Work instruction: Exact copy, no pictures: set down the lines from the one holding "家时光月子服秋冬季加厚空气棉孕妇哺乳睡衣产妇厚款可外穿家居服" through the final line of the records below.

----------------

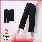 ワイドパンツ レディース クロップド丈 7分丈 9分丈 春 夏 秋 ガウチョパンツ ハイウエスト ウエストゴム 大きいサイズ
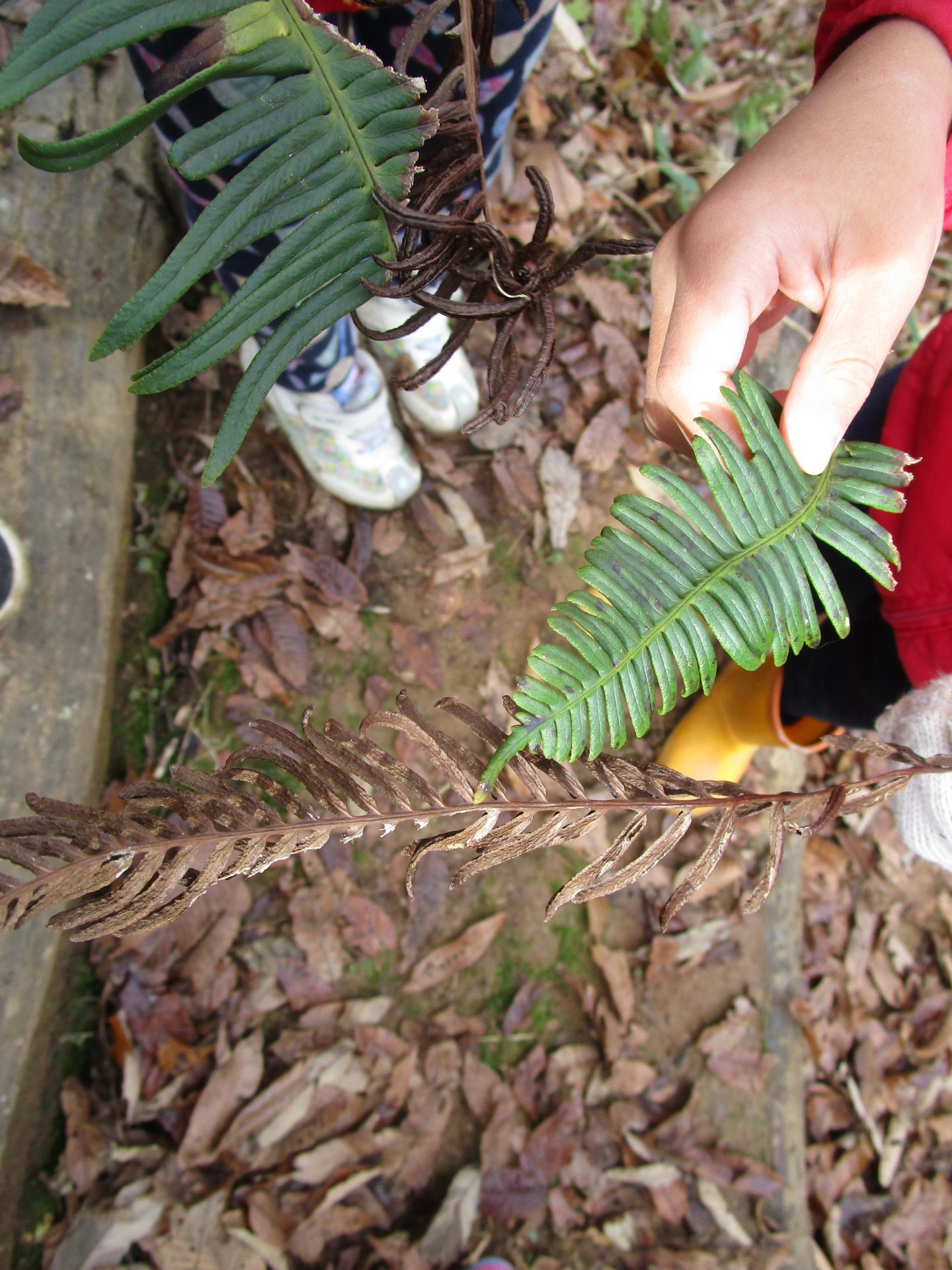 骨の形に見える葉っぱを見つけたお友達がずっと見比べていました。
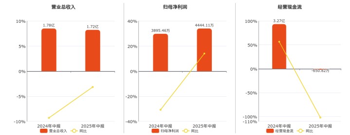 公司营业总收入为1.72亿元,较去年同报告期营业总收入减少561.60万元,同比较去年同期下降3.15%。归母净利润为4444.11万元。经营活动现金净流入为-650.82万元,较去年同报告期经营活动现金净流入减少3.34亿元,同比较去年同期下降101.99%。
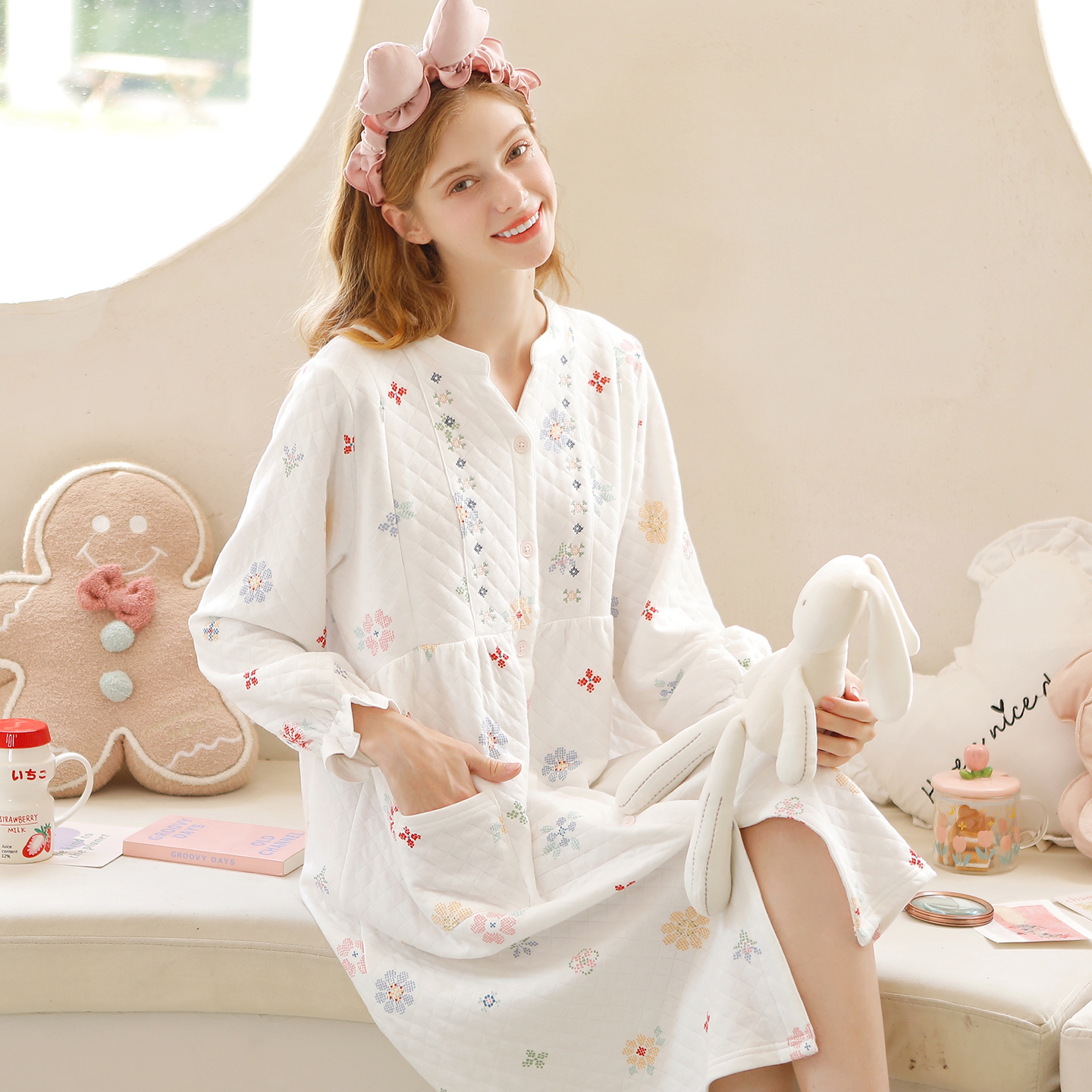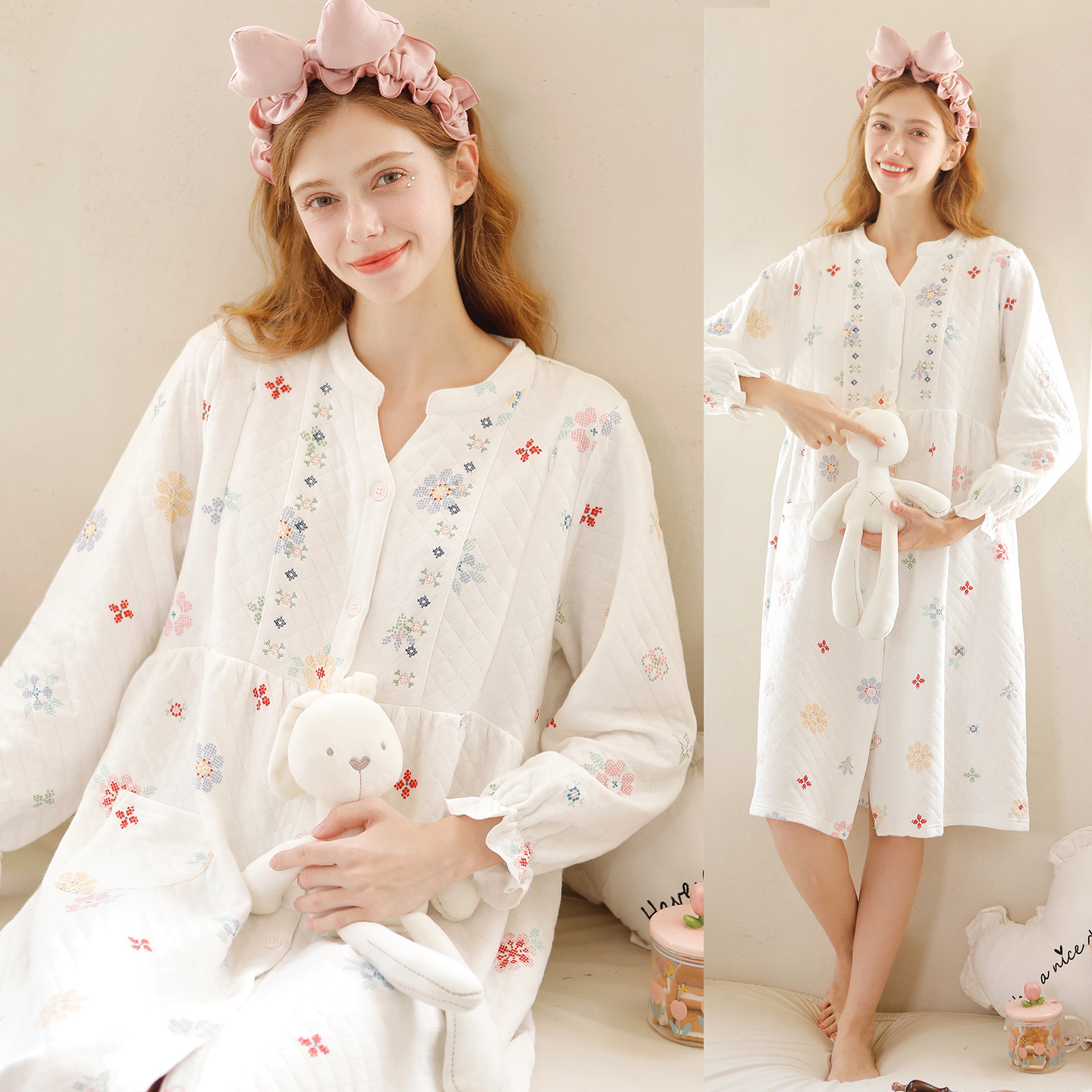 家时光月子服秋冬季加厚空气棉孕妇哺乳睡衣产妇厚款可外穿家居服
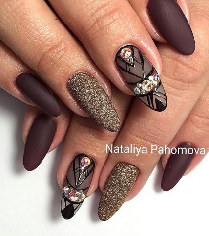 Яркий, новогодний маникюр. Ваше вечернее платье,будет красиво дополнятся ним. Длинные наращенные ногти в миндалевидной форме идеальная основа для его создания. Безымянный палец скрасим золотистыми блестками. Покрываем ими весь ноготь. На среднем пальце рисуем геометрический узор. Камни и мелкие стразы придадут праздничности. Наклеим их на ноготь. Остальные пальчики покрываем коричневым лаком с матовым эффектом. Идеальный маникюр для вечеринок и праздников.

----------------

Answer to this exercise:
 家时光月子服秋冬季加厚空气棉孕妇哺乳睡衣产妇厚款可外穿家居服
 Яркий, новогодний маникюр. Ваше вечернее платье,будет красиво дополнятся ним. Длинные наращенные ногти в миндалевидной форме идеальная основа для его создания. Безымянный палец скрасим золотистыми блестками. Покрываем ими весь ноготь. На среднем пальце рисуем геометрический узор. Камни и мелкие стразы придадут праздничности. Наклеим их на ноготь. Остальные пальчики покрываем коричневым лаком с матовым эффектом. Идеальный маникюр для вечеринок и праздников.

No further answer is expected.